Особая ценность этого фрагмента в том, что он дает представление об отношении А. Шмемана к дневниковым записям не только как к форме самовыражения, но и как к способу внутреннего самосохранения - в частности, в этой своей ипостаси одного из последних «птенцов гнезда» первоэмигрантов.
Интеллектуальная составляющая дневников в наибольшей мере свидетельствует об о. Александре как о выходце из русской эмиграции первой волны, в среде которой были философы, богословы, писатели, художники, а также великие князья и министры. Можно с уверенностью сказать, что этот контекст, формировавший его личность в период становления, во многом обусловил и глубину, и своеобразие его богословских воззрений, где он стремится приблизиться к той живой памяти о Христе, которая отличала раннехристианскую церковь. Среди учителей о. Александра были такие богословские авторитеты, как о. Сергий Булгаков, В.В. Зеньковский, А.В. Карташев. Но, пожалуй, наибольшее влияние на воззрения о. Александра имела «евхаристическая экклезиология» о. Н. Афанасьева, профессора канонического права в Парижском богословском институте, обстоятельно сформулированная в его работе «Трапеза Господня». На ее основе сформировалось восприятие о. Александром литургического чина как «сослужения» «предстоятеля и народа» [14], повлиявшее на его отношение к делу своей жизни в первую очередь как «духовному деланию», а не церковной «деятельности»:
«Иногда хочется куда-нибудь убежать от этого православия ряс и камилавок, бессмысленных церемоний, елейности и лукавства. Быть самим собой, а не играть вечно какую-то роль, искусственную, архаичную и скучную. Одно утешение: Послание к Колоссянам, которое в эти дни читается в церкви» (598).
Вот зачало этого послания: «Итак, если вы воскресли со Христом, то ищите горнего, где Христос сидит одесную Бога; о горнем помышляйте, а не о земном» (Кол. 3: 1). Значимое место в «помышлениях о горнем» имел для Александра Шмемана момент личного откровения, которое сродни творческо-му вдохновению:
«Все эти дни - в «творческом подъеме». Пишу … параграф о смерти и Крещении… параграф, который вот уже больше года «блокировал» книгу [«Водою и Духом» - Е.П.]. Как всегда - точно все это не из меня, а, наоборот, мне открывается» (61).

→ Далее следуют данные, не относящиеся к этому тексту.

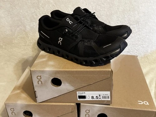 New On Running Men’s UK 8 EU 42 Cloud 5 Waterproof Black CloudTec Shoes Trainers

В этом признании священника отражение той же мысли, которая была так актуальна в культуре Серебряного века и по-разному выражалась его разными персоналиями. «Все мое писанье, - говорила М. Цветаева, - вслушиванье… Точно вещь, которая вот сейчас пишется (никогда не знаю, допишется ли), уже где-то очень точно и полностью написана. А я только восстанавливаю» [15]. Для Мандельштама быть поэтом - значило «в этой вечной склоке ловить / Эолийский чудесный строй», а для Ходасевича поэзия - «дар тайнослышанья тяжелый». Пересечения богословской и поэтической мысли обнажают «культовую» суть большого искусства, что в свое время П. Флоренский выразил в емкой формуле: «бутон культуры - культ» [16]. «Что такое подлинная культура? Причастие. Участие в том, что победило время и смерть» (61. Курсив автора - Е.П.), - эта мысль о. Александра как будто подхватывает мысль Флоренского.

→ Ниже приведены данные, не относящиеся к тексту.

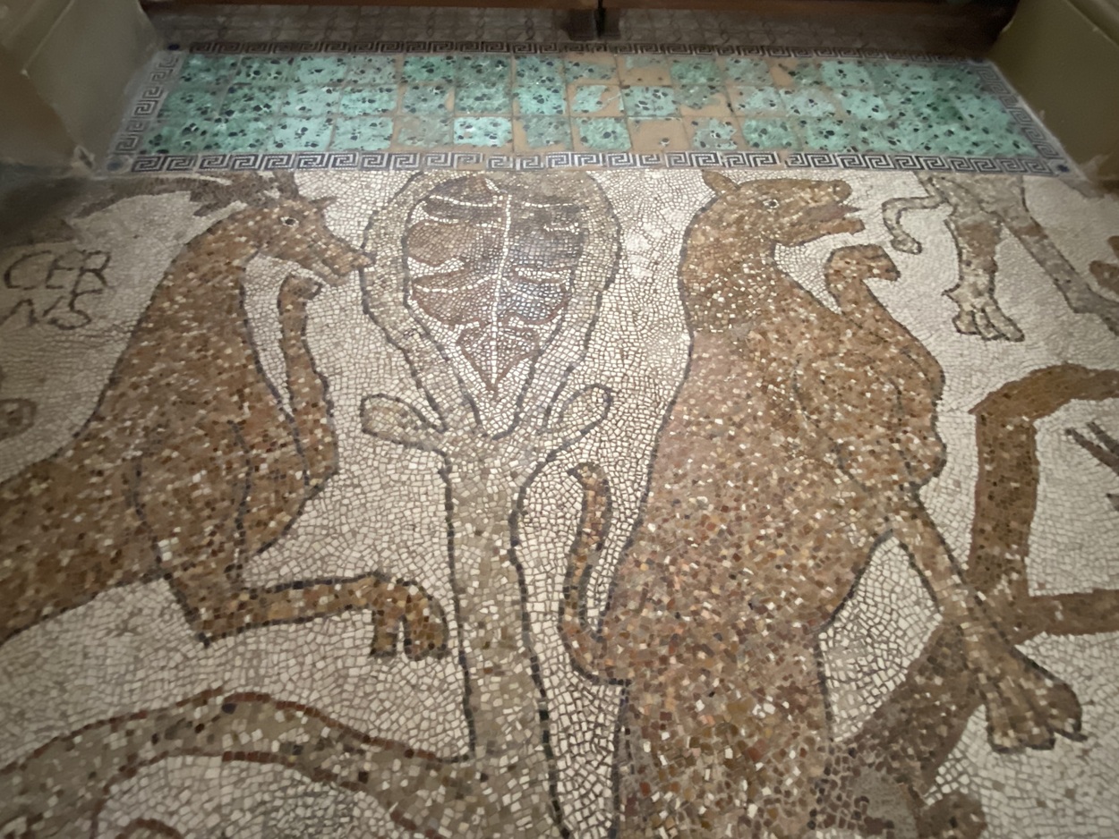Мозаика в соборе изображает гигантское "Древо Жизни". Его поддерживают два слона - отсылка к средневековому бестиарию, где слоны символизируют силу и мудрость.

Дневники показывают также богатство литературной (и шире - культурной) памяти о. Александра. В его записях можно обнаружить имена и цитаты из стихотворений русских и зарубежных поэтов ХIХ-ХХ вв., но в первую очередь самого близкого по времени Серебряного века. Вот лишь несколько примеров:
«И как и на 71-й улице - никаких антенн, ни малейшего интереса, внимания к другим мирам, да и просто к реальности. Ее не существует. «Только зеркало зеркалу снится…»» (260. Курсив автора - Е.П.).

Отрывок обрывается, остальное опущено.